Le taux d'occupation est une variable essentielle ; la SNCF donne le chiffre de 70 % pour le TGV mais rien pour les autres trains. On trouve dans la littérature sans sources particulières : 45 % pour l'ensemble des trains, 33 % pour les trains de banlieue ; sachant que le trafic TGV représentait en 2005 55 % du trafic total le taux pour les autres trains devrait être de l'ordre de 20 % ; c'est ce taux qui est celui donné par le guide ADEME précité pour les bus, d'après le taux de remplissage des bus d'Ile-de-France, qui a été retenu pour les plus petits autorails, et 30 % pour les AGC. Ces taux sont a priori élevés car calculés sur l'ensemble des services – à l'heure de pointe ou à l'heure creuse, en semaine ou le week end, et sur la totalité des parcours, incluant les sections les moins chargées y compris les haut-le-pied.

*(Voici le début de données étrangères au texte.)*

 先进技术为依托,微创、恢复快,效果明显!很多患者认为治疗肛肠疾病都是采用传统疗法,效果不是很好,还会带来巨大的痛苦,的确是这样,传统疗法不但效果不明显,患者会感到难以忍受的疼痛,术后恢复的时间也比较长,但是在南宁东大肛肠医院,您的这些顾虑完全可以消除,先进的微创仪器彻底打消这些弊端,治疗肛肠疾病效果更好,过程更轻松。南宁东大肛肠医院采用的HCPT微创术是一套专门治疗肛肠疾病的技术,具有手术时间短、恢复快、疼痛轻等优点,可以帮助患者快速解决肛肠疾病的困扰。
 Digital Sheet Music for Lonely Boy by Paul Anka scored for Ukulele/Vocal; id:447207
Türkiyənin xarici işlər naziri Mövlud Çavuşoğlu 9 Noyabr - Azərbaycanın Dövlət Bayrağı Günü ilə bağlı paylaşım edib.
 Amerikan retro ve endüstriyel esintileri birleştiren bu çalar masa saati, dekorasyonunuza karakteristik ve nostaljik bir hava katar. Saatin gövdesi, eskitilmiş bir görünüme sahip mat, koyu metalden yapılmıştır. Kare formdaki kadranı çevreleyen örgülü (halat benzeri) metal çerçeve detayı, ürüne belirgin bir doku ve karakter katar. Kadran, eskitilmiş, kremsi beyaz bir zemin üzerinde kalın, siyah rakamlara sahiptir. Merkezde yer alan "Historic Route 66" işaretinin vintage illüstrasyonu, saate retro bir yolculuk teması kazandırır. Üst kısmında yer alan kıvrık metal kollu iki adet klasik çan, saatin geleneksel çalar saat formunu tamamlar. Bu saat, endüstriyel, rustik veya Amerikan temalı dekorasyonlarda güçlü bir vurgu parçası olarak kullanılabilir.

S'agissant de l'infrastructure, le LITEP donne une fourchette de 600 M à 1000 M de tonnes brutes de durée de vie ; il est évoqué en France des valeurs inférieures (400 Mt) ; étant donné les exigences de qualité liées à la circulation de trains de voyageurs c'est la valeur de 600 Mt qui a été retenue.

Résultats et commentaires

Les contributions en g.eqC/km par train résultant respectivement de la consommation énergétique, de la fabrication du matériel roulant ainsi que de l'usure de l'infrastructure sont les suivantes :


Consommation Fabrication Infrastructure
Autorail X 73 500 732,6 17,6 16,5
Autorail X 72 500 1 628,0 55,5 37,5
AGC tri caisse 44,0 61,5 40,5
TGV Réseau 162,8 63,8 124,8
TGV Duplex 222,3 64,3 127,2

Pour les trains électriques, l'«amortissement écologique» des matériels et de l'infrastructure est ainsi du même ordre de grandeur que l'impact de la consommation directe d'énergie.

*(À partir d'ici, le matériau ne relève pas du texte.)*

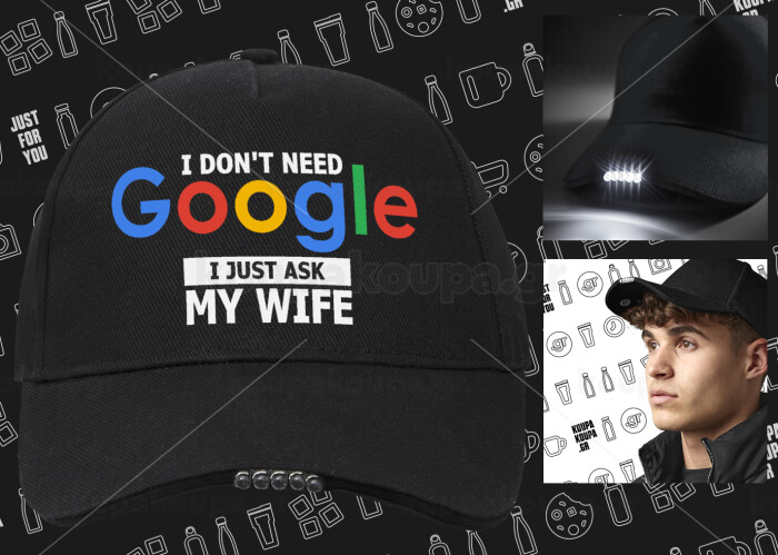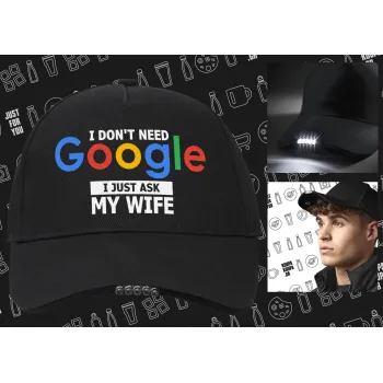 I don't need Google, just ask my WIFE, Work & Activity LED Light Cap – Perfect for Night & Low Light Conditions (100% COTTON, ADULT, UNISEX)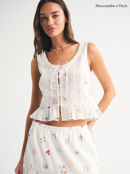 Weiß - Abercrombie & Fitch Strappy Tie Front Top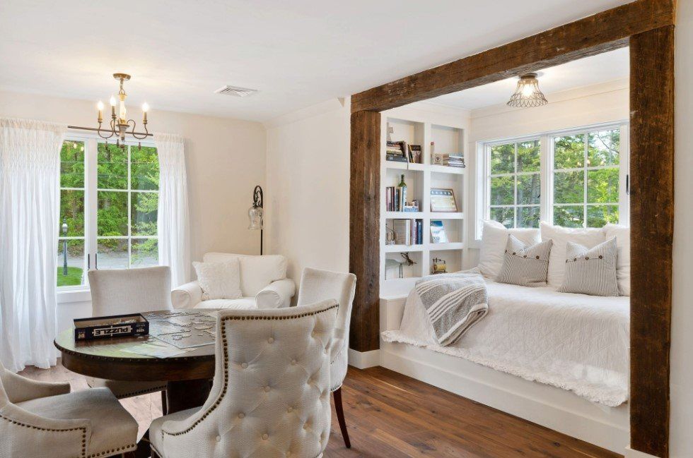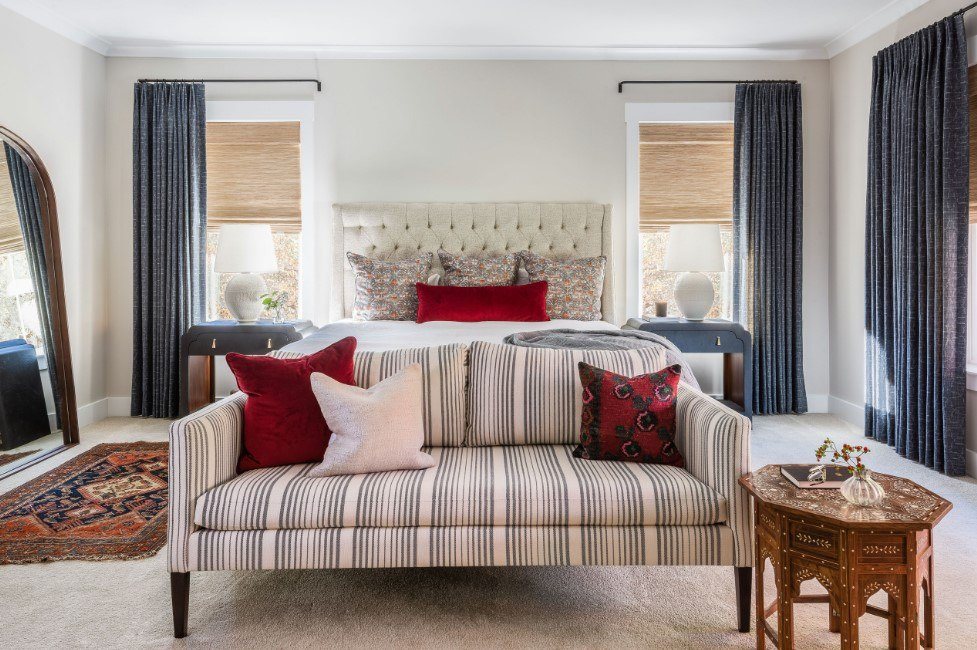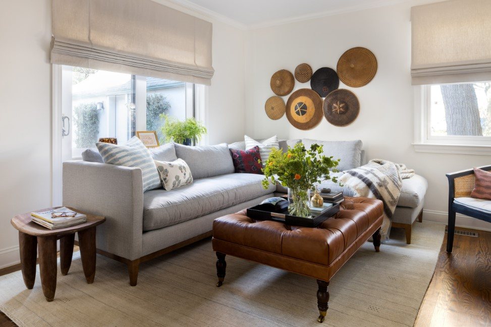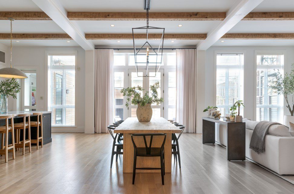 Стиль относится к простым и универсальным дизайнам, поэтому окна в данном случае можно оставлять и вовсе без штор. Но если подобная открытость не вариант, тогда подойдут однотонные материалы в нейтральной палитре с минимальным количеством декора. При желании выбрать текстиль с узором, следует отдавать предпочтение крупным орнаментам.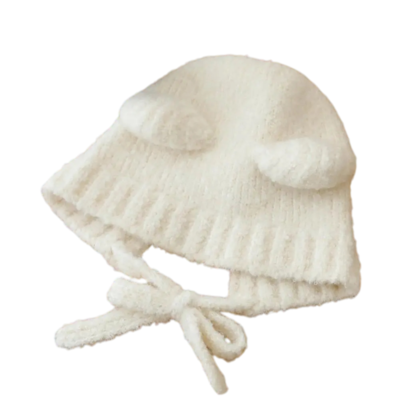 Căciulă drăguță de iarnă cu urechi de urs și șnururi pentru legare sub gât. Pluș moale, tricot călduros și mărime confortabilă pentru zilele reci. Descrierea completă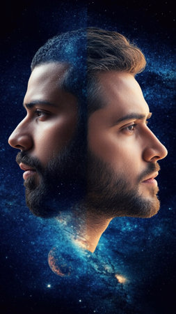 Surreal digital artwork, two men in profile, mirroring each other against a star-filled galaxy. Duality, introspection, parallel realities. For sci-fi themes, artistic prints, conceptual projects
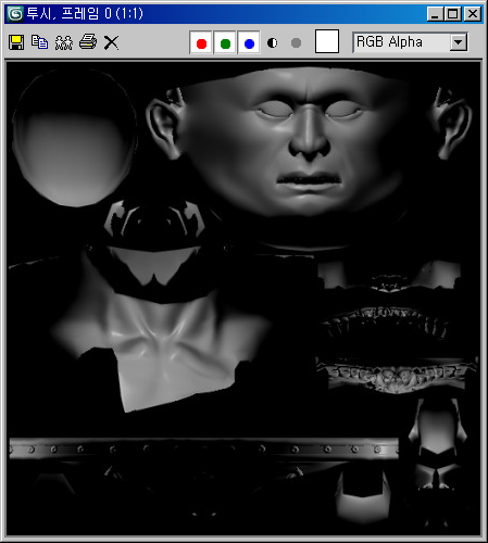분산 맵을 렌더링하는 동시에 3ds Max에서 법선 범프 맵을 TGA 이미지로 렌더링합니다. 이제 이 이미지를 살펴보고 혼합 결과를 확인합니다.

Il est intéressant de comparer avec les valeurs correspondantes données par l'ADEME pour l'autocar, complétées par un calcul d'émission relative à l'infrastructure routière basée sur une reconstruction entière de la route après le passage de 5 M autocars.

* Autocar  : 277,3 ; 15,0 ; 20,0

Les calculs ramenés en g.eqCO2/voy.km sont plus directement comparables entre eux et avec les autres modes ; les valeurs relatives à la consommation énergétique et totales sont les suivantes :


Consommation énergétique Consommation totale
Autorail X 73 500 165,8 173,5
Autorail X 72 500 132,7 140,2
AGC tri caisse 2,6 8,6
TGV Réseau 2,4 5,3
TGV Duplex 2,3 4,3
Autocar 33,5 37,8

La valeur du TGV (consommation) est très proche de celle annoncée par la SNCF : 2,4 g eqCO2/voy.km contre 2,6. L'écart peut provenir de la perte en ligne dans les réseaux de distribution d'électricité (RTE puis caténaire).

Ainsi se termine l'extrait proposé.